2) Let $V$, $B$ and $v$ as before. Let $l$ a number such that $k \le l \le n-1$. How many $l-$subsets not containing $B$ but containing $v$ are there?
 A: In the first problem it’s easier to count the complementary sets. There are exactly as many $\ell$-subsets of $V$ not containing $B$ or $v$ as there are $(n-\ell)$-subsets of $V$ that contain $v$ and at least one element of $B$. To form an $(n-\ell)$-subset of $V$ that contains $v$ and at least one element of $B$, we start by choosing $v$. Then we must choose $n-\ell-1$ elements of $V\setminus\{v\}$, which we can do in $\binom{n-1}{n-\ell-1}$ ways.
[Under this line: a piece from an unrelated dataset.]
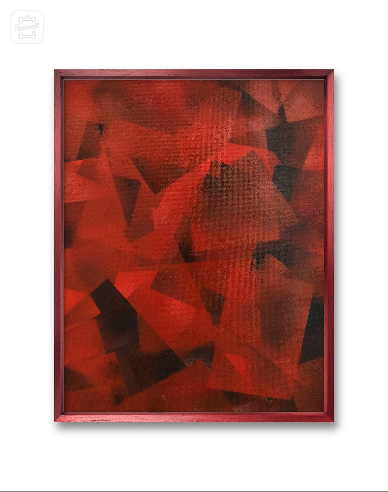In 'Bound by Anxiety', red and black rectangles overlap, capturing the suffocating grip of mental unease in simple yet striking imagery.

However, $\binom{n-k-1}{n-\ell-1}$ of these subsets are disjoint from $B$, so we can’t use them. That leaves a total of $$\binom{n-1}{n-\ell-1}-\binom{n-k-1}{n-\ell-1}=\binom{n-1}\ell-\binom{n-k-1}{\ell-k}$$ subsets of the desired form.
In the second problem it is again easier to count the complementary sets; they are the $(n-\ell)$-subsets of $V$ that do not contain $v$ but do contain at least one element of $B$. There are $\binom{n-1}{n-\ell}$ $(n-\ell)$-subsets of $V$ that do not contain $v$, but $\binom{n-k-1}{n-\ell}$ of them are disjoint from $B$; that leaves a total of $$\binom{n-1}{n-\ell}-\binom{n-k-1}{n-\ell}=\binom{n-1}{\ell-1}-\binom{n-k-1}{\ell-k-1}$$ sets of the desired form.